== Segment start ==

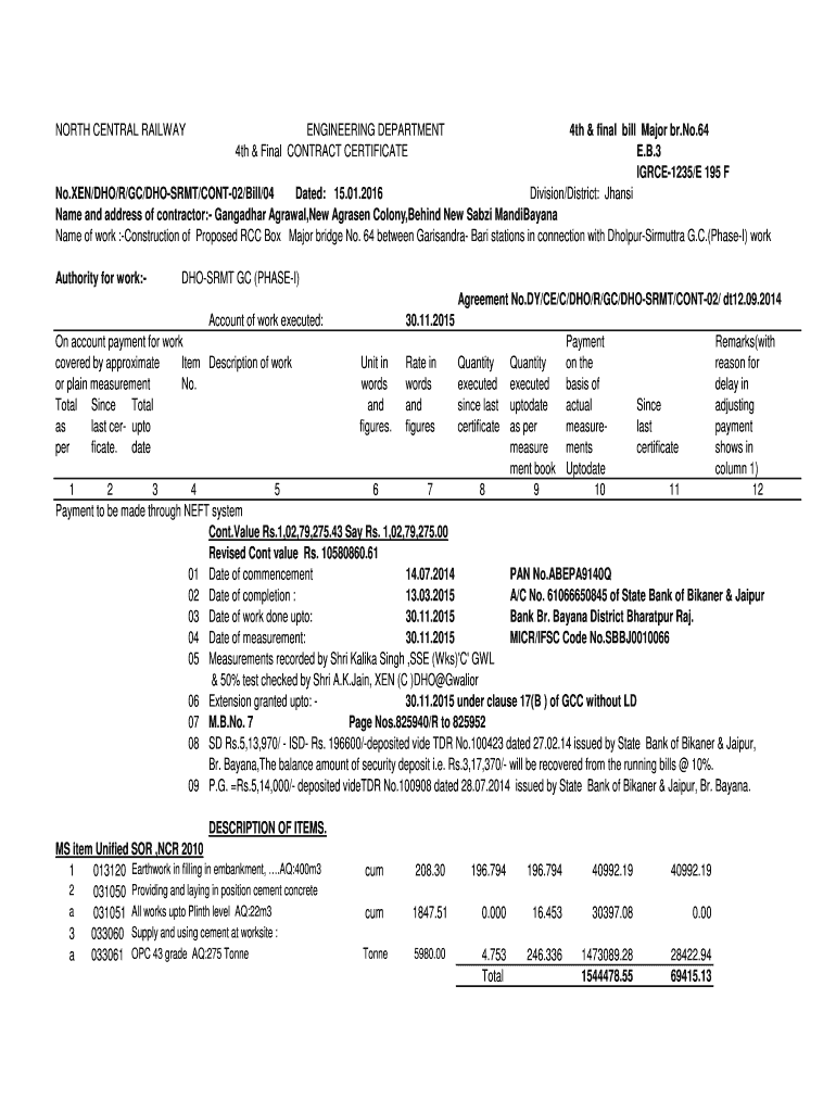 4th & final bill Major BR. No.64 E.B.3 IGRCE1235/E 195 F No.XEN/DHO/R/GC/DHOSRMT/CONT02/Bill/04 Dated: 15.01.2016 Division/District: Jhansi Name and address of contractor: Kandahar Agrawal, New Agra
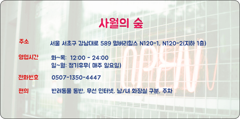 - 주소: 서울 서초구 강남대로 589 멀버리힐스 N120-1, N120-2 (지하 1층)
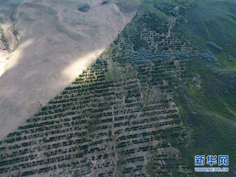 马云平夫妻治理的绿地与旁边的土地形成鲜明对比(8月10日无人机拍摄)。新华社记者刘磊 摄
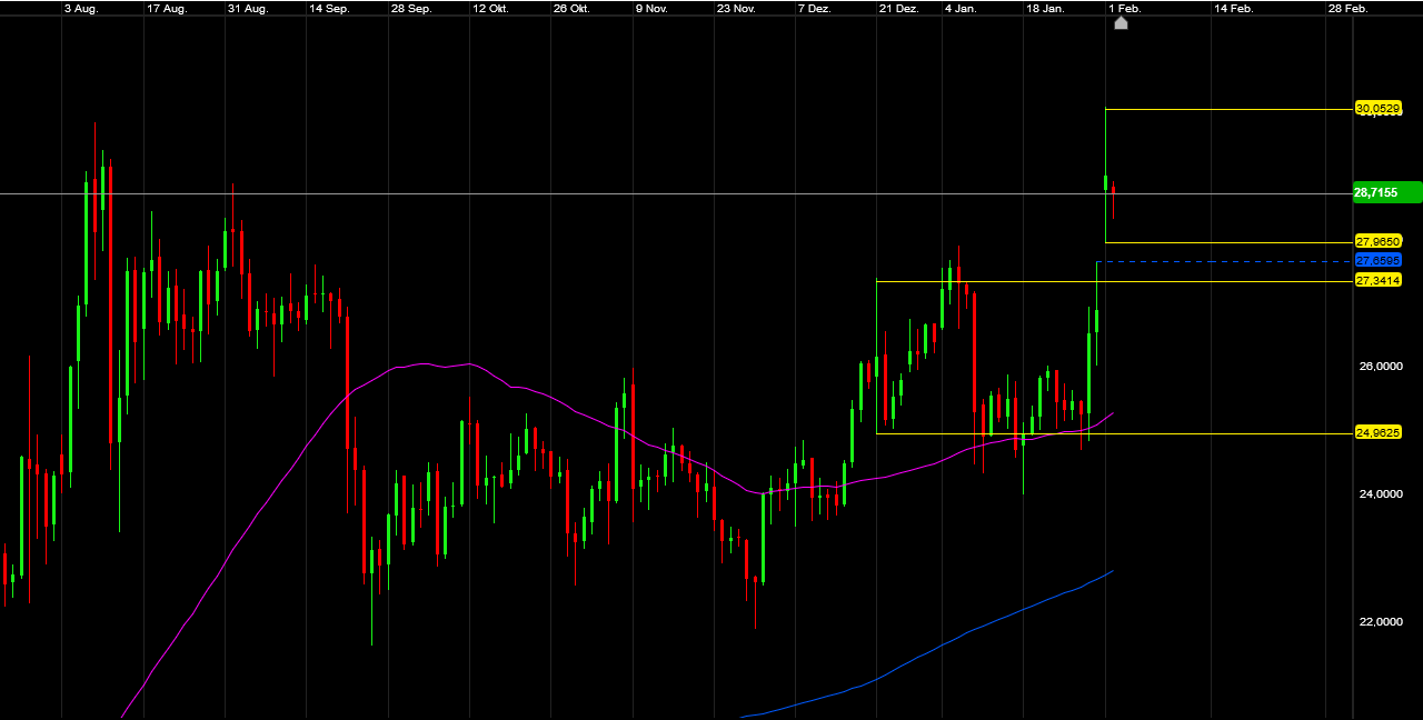 Für einen eigentlichen Shortsqueeze hat es zwar nicht gereicht, aber der Silberpreis wurde zwischenzeitlich um 12 % auf über 30 $ getrieben. Die Silberlinge lieferten ein Feuerwerk, die Promotionskampagne ist gelungen. Ob sie auch nachhaltig ist, wird sich weisen. Wir werden mit einem Bearish Doji Star aus dem Handel gehen.
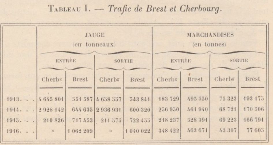 Trafic (jauge et marchandises) des ports de Brest et Cherbourg de 1913 à 1916Immatriculation
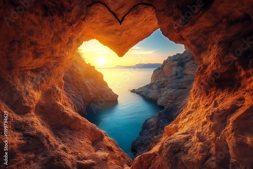 Heart-shaped arch, with blue water in the center and a sunset sun star
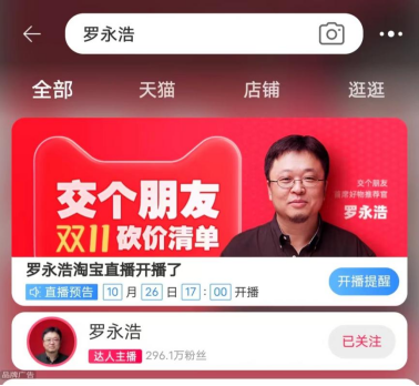 同样被认为从淘宝“跳槽”的还有俞敏洪——10月31日,俞敏洪在天猫“新东方迅程教育专营店”做1个小时现场直播,但主要是分享有关大学生学习成长规划的内容。
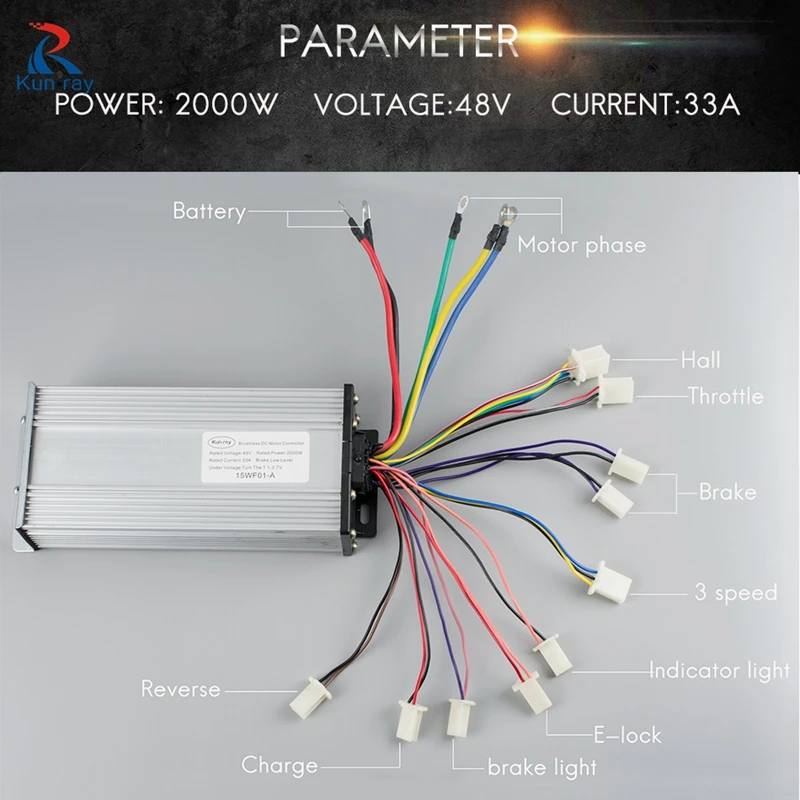 Электрический бесщеточный контроллер KUNRAY 48 в 2000 Вт, регулятор скорости бесщеточного двигателя 33A 15 Mosfet, функция обратного хода для электроскутера

== Segment end ==

Problem statement: Once you find the line with "Trafic (jauge et", restate it and every later line of the data word for word, excluding the pictures.

Solution to this task:
 Trafic (jauge et marchandises) des ports de Brest et Cherbourg de 1913 à 1916Immatriculation
 Heart-shaped arch, with blue water in the center and a sunset sun star
 同样被认为从淘宝“跳槽”的还有俞敏洪——10月31日,俞敏洪在天猫“新东方迅程教育专营店”做1个小时现场直播,但主要是分享有关大学生学习成长规划的内容。
 Электрический бесщеточный контроллер KUNRAY 48 в 2000 Вт, регулятор скорости бесщеточного двигателя 33A 15 Mosfet, функция обратного хода для электроскутера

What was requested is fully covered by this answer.